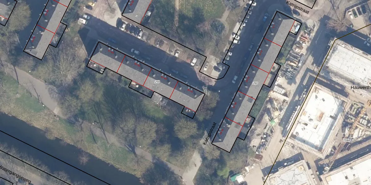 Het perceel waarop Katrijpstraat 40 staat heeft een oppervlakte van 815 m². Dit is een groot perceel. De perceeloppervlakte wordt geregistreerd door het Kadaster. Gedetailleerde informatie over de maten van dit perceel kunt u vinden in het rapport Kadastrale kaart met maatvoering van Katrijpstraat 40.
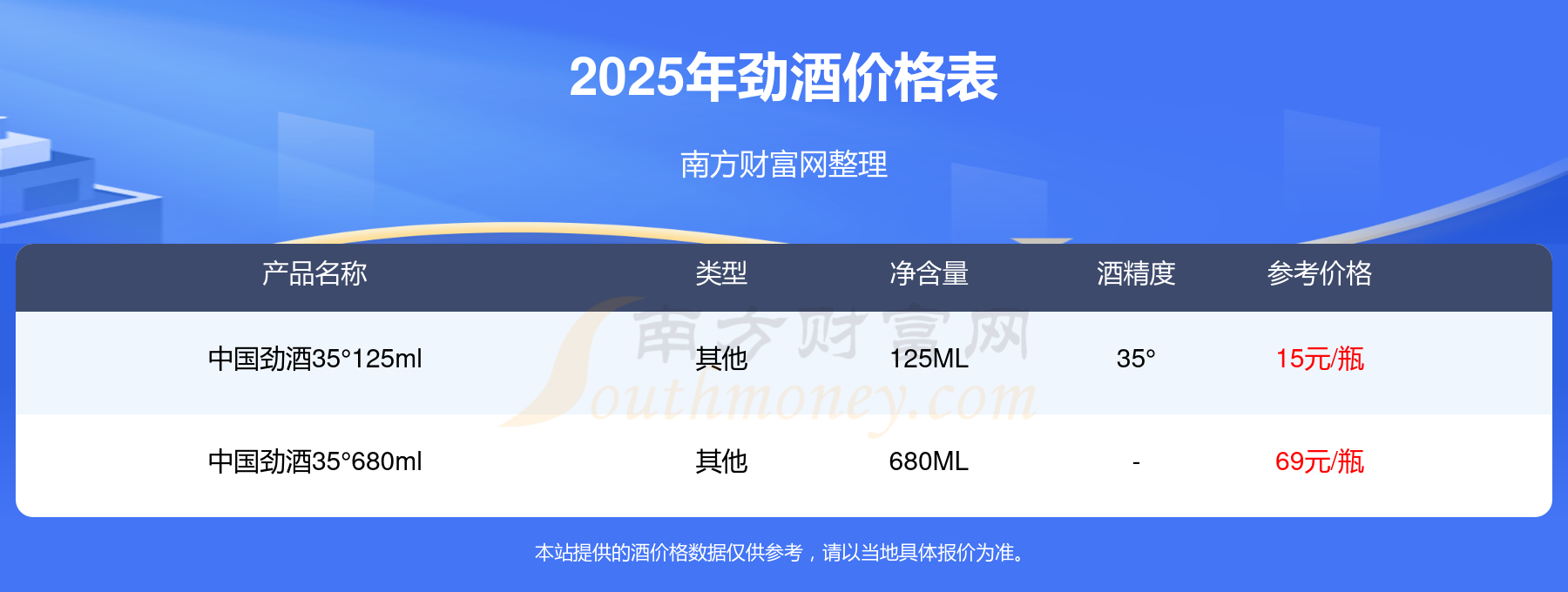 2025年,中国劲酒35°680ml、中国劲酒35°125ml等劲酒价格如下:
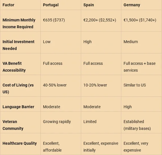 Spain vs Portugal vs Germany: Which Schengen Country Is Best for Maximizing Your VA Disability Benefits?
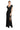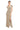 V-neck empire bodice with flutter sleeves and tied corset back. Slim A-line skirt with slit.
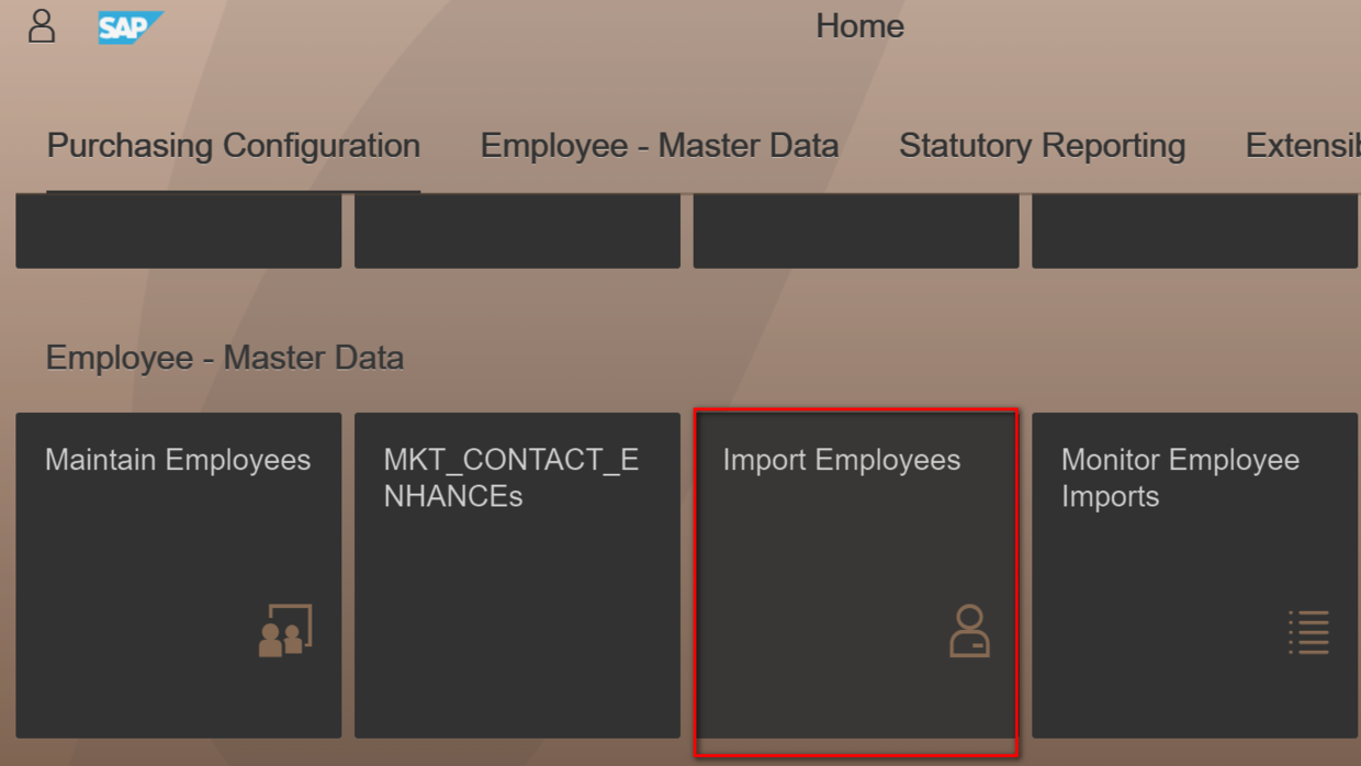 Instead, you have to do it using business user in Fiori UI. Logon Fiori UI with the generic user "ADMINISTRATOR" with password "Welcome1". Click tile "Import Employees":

==

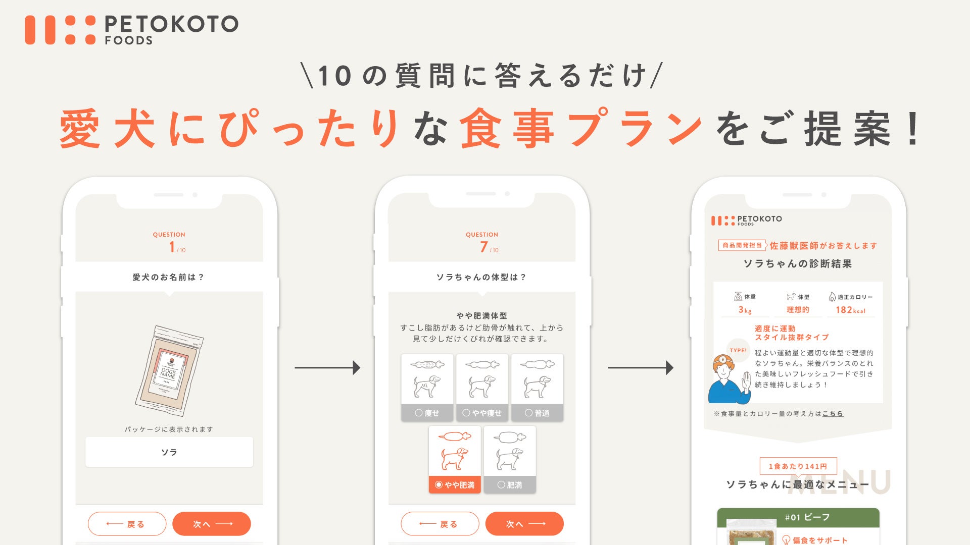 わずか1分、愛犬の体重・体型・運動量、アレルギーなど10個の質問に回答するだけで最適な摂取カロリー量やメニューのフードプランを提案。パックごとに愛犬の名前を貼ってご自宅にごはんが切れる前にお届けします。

=== Your instructions ===
Could you repeat, exactly, only the lines above starting at the one that has "Het perceel waarop" and stopping after the one that has "V-neck empire bodice", without the pictures?

=== Exercise output ===
 Het perceel waarop Katrijpstraat 40 staat heeft een oppervlakte van 815 m². Dit is een groot perceel. De perceeloppervlakte wordt geregistreerd door het Kadaster. Gedetailleerde informatie over de maten van dit perceel kunt u vinden in het rapport Kadastrale kaart met maatvoering van Katrijpstraat 40.
 2025年,中国劲酒35°680ml、中国劲酒35°125ml等劲酒价格如下:
 Spain vs Portugal vs Germany: Which Schengen Country Is Best for Maximizing Your VA Disability Benefits?
 V-neck empire bodice with flutter sleeves and tied corset back. Slim A-line skirt with slit.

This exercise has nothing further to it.